John Jay


John Jay was an American statesman, diplomat, signatory of the Treaty of Paris, and a Founding Father of the United States. He served from 1789 to 1795 as the first chief justice of the United States and from 1795 to 1801 as the second governor of New York. Jay directed U.S. foreign policy for much of the 1780s and was an important leader of the Federalist Party after the ratification of the United States Constitution in 1788.

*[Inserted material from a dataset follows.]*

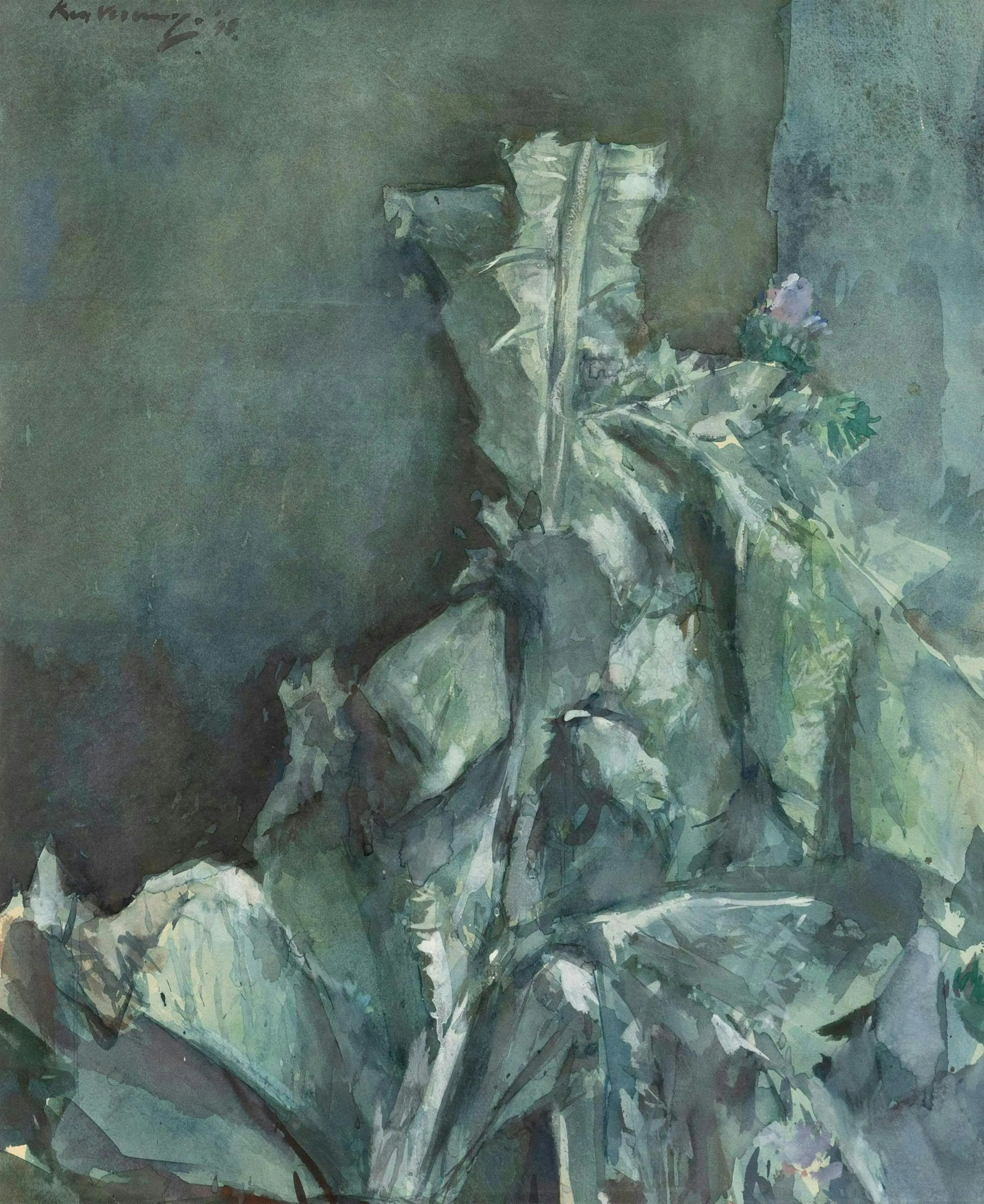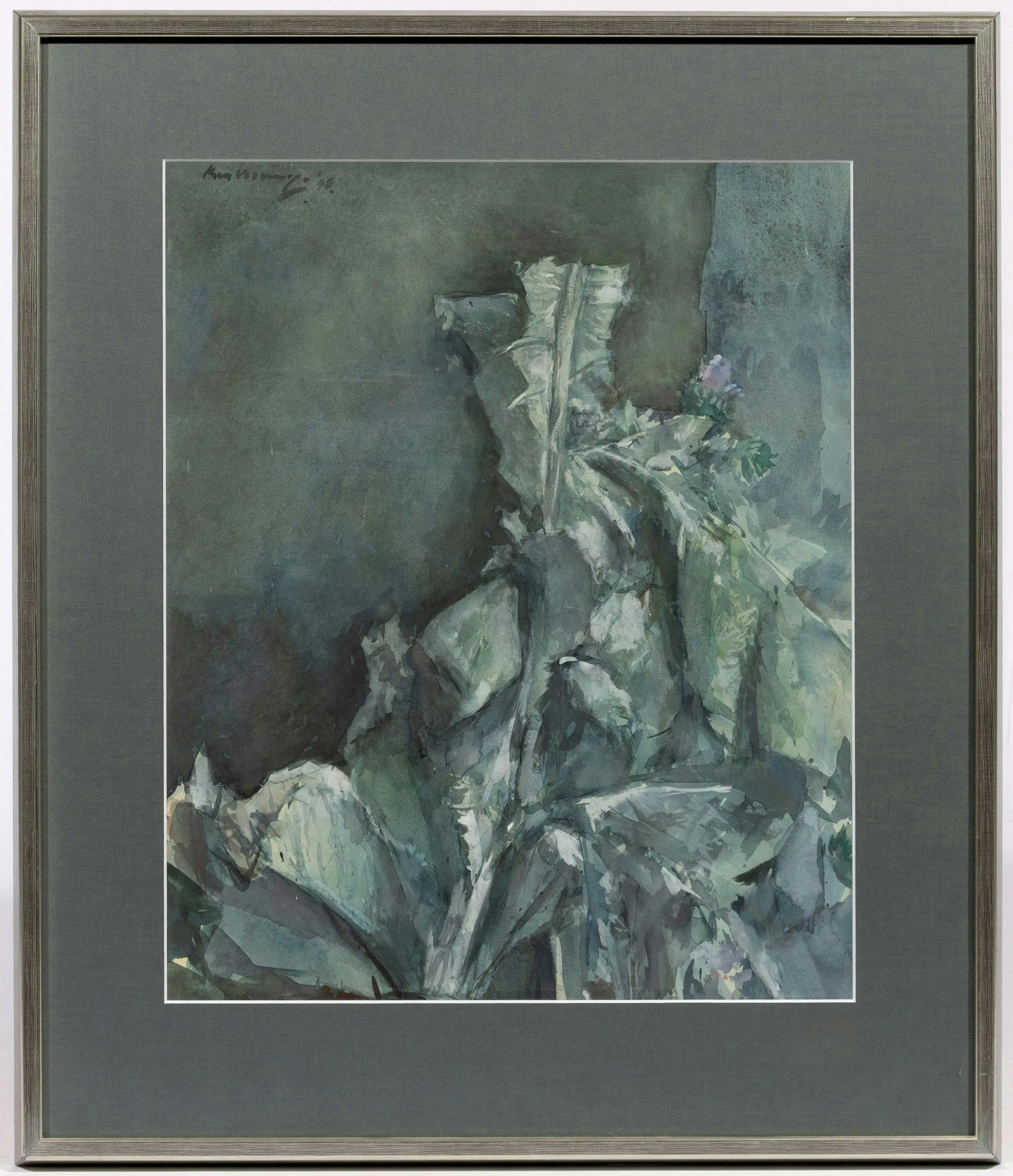 Prachtig stilleven van Kees Verwey, uitgevoerd in verschillende groentinten en donkerblauwe accenten. Stijlvol ingelijst in een stevige houten lijst met zilver-wash.

Jay was born into a wealthy family of merchants and New York City government officials of French Huguenot and Dutch descent. He became a lawyer and joined the New York Committee of Correspondence, organizing American opposition to British policies such as the Intolerable Acts in the leadup to the American Revolution. Jay was elected to the First Continental Congress, where he signed the Continental Association, and to the Second Continental Congress, where he served as its president. From 1779 to 1782, Jay served as the ambassador to Spain; he persuaded Spain to provide financial aid to the fledgling United States. He also served as a negotiator of the Treaty of Paris, in which Britain recognized American independence. Following the end of the war, Jay served as Secretary of Foreign Affairs, directing United States foreign policy under the Articles of Confederation government. He also served as the first secretary of state on an interim basis.
A proponent of strong, centralized government, Jay worked to ratify the United States Constitution in New York in 1788. He was a co-author of The Federalist Papers along with Alexander Hamilton and James Madison, and wrote five of the eighty-five essays. After the establishment of the new federal government, Jay was appointed by President George Washington the first Chief Justice of the United States, serving from 1789 to 1795. The Jay Court experienced a light workload, deciding just four cases over six years. In 1794, while serving as chief justice, Jay negotiated the highly controversial Jay Treaty with Britain. Jay received a handful of electoral votes in three of the first four presidential elections but never undertook a serious bid for the presidency.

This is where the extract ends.